Все помещение заполнено дымом, зритель видит, как сквозь клубы дыма к коридорной двери пробирается Слононосов, он одет в халат. Слононосов открывает дверь, входит Безсонный.

СЛОНОНОСОВ
Ну наконец-то, Андрей Аркадьевич! Принесли?

БЕЗСОННЫЙ (принюхивается)
Что, Ломоносов, лавры Тимоти Лири и Карлоса Кастанеды не дают покоя? (Тоном персонажа из рекламы.) Спешите купить! Во всех подворотнях страны новый стимулятор – ломоносий! Почувствуй себя гением-многостаночником!

СЛОНОНОСОВ
Я – Слононосов! Неужели трудно запомнить?

БЕЗСОННЫЙ
Трудно. Каждая наша встреча заканчивается провалом в памяти.

СЛОНОНОСОВ
Ладно, довольно лирики! Вы же физик! Принесли?

БЕЗСОННЫЙ
Принёс. (Достаёт из кармана какой-то научный прибор, протягивает его Слононосову.)
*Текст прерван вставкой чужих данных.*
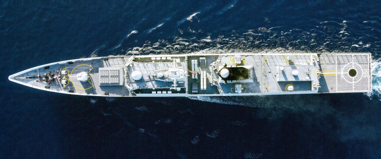 [呲牙] 两种“新青年”——054A型 和054B型 护卫舰的俯视对比图。
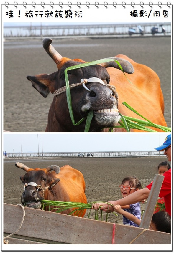 ▲瘋狂立子木結束後,整個海牛車體驗活動也接近尾聲,蚵農分給大家牧草餵食海牛,超級近距離的餵食海牛,是不是很像是去牧場時拿牧草給乳牛吃的景象呢,但是牧草不能碰到沙子喔,這樣海牛就不會吃啦,小朋友有的很害怕有的很開心,牛一吃就要馬上放手不然會被牛拉走喔。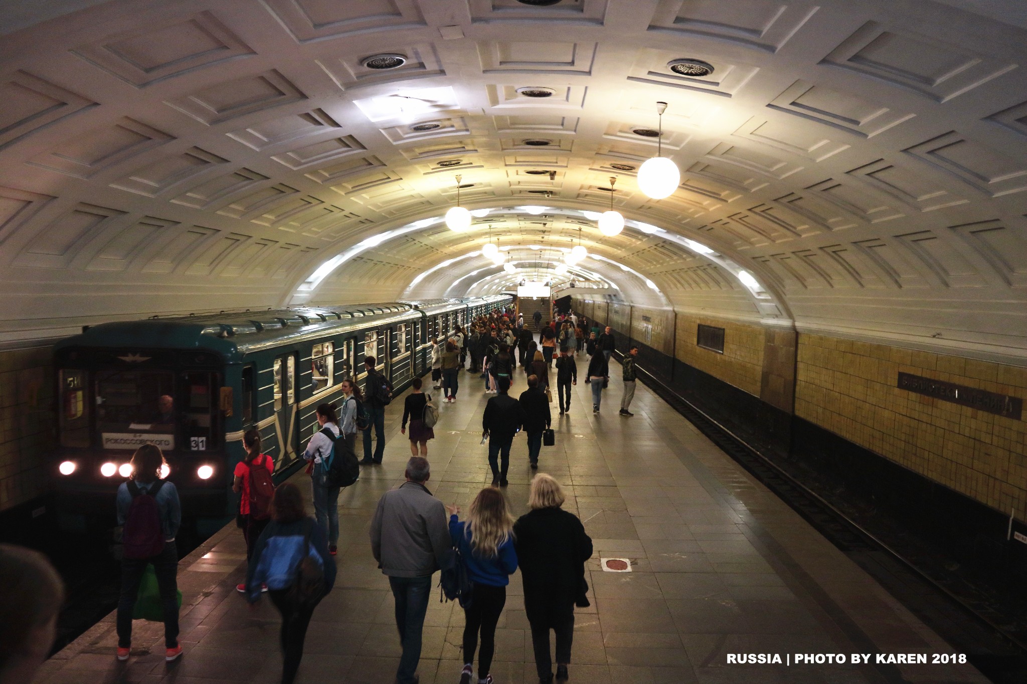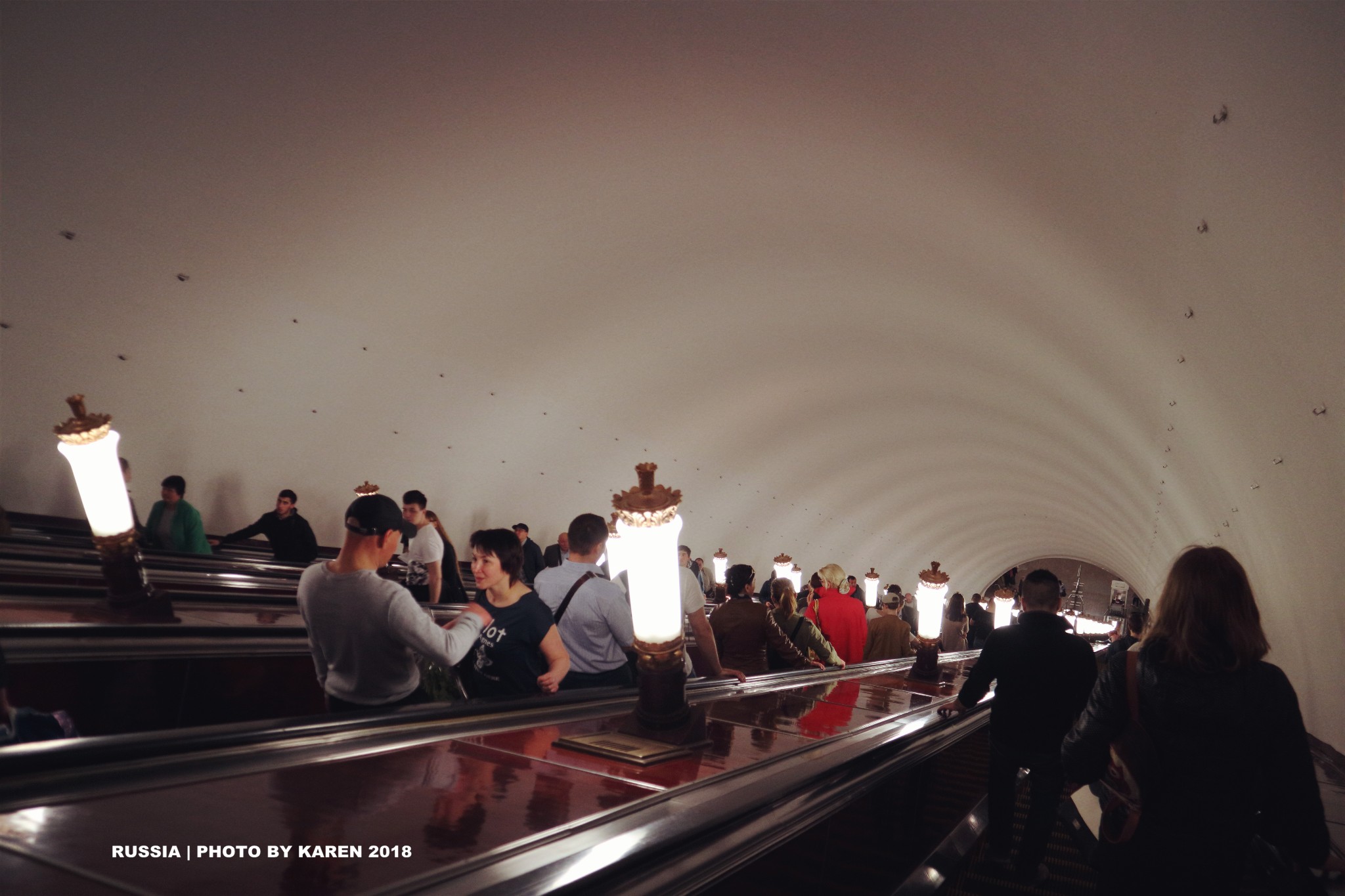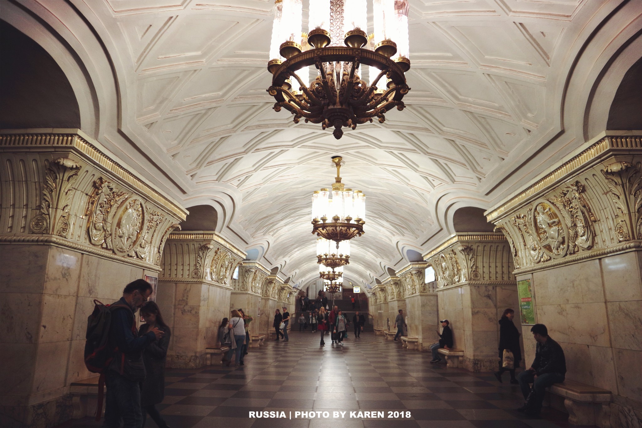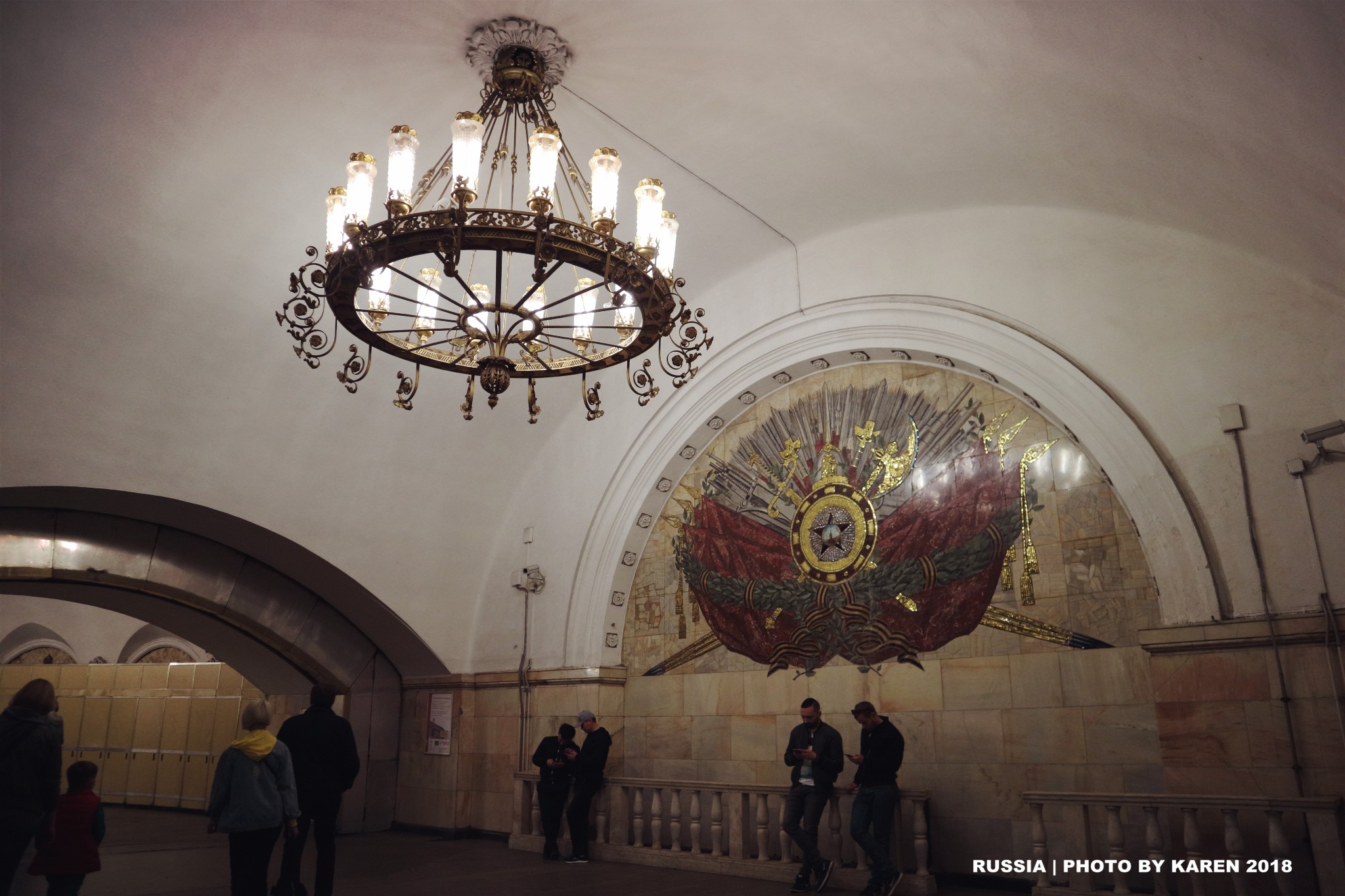 即便早已为见识莫斯科地铁做好充足的心理准备 却没想到 还是被华丽丽的景象震撼到 一趟趟列车进出站 像是一条时空隧道 瞬间穿越到上世纪的苏联 年代感即刻扑面而来 无法阻挡

Слононосов хватает прибор, целует его, обнимает Безсонного, тоже целует. Безсонный отталкивает от себя Слононосова.

БЕЗСОННЫЙ
Я смотрю, Карлос Спиридонович, кроме образа Кастанеды, тебе не терпится примерить маску Элтона Джона или Бориса Моисеева?..

СЛОНОНОСОВ
Да поймите вы, наконец, если расчёты верны, то сегодня я… при вашем скромном участии… в общем, мы осчастливим человечество! (Рассматривает научный прибор Безсонного.) Я бы давно это сделал, если б в нашем НИИХиРА такой прибор был!

БЕЗСОННЫЙ
(разуваясь)
Нии хера ты никого не осчастливишь без моей помощи. И это… Давай лучше проститутку вызовем.

СЛОНОНОСОВ
(ошарашено)
Чего?

БЕЗСОННЫЙ
Я говорю, прежде чем человечеством заняться, давай себя осчастливим. Вызовем проститутку… Я один не потяну просто. Дорого.

СЛОНОНОСОВ
Прекратите, Андрей Аркадьевич! Хватит из себя строить циника. На кону стоит счастье человечества! А вы… Эх! (Машет рукой.)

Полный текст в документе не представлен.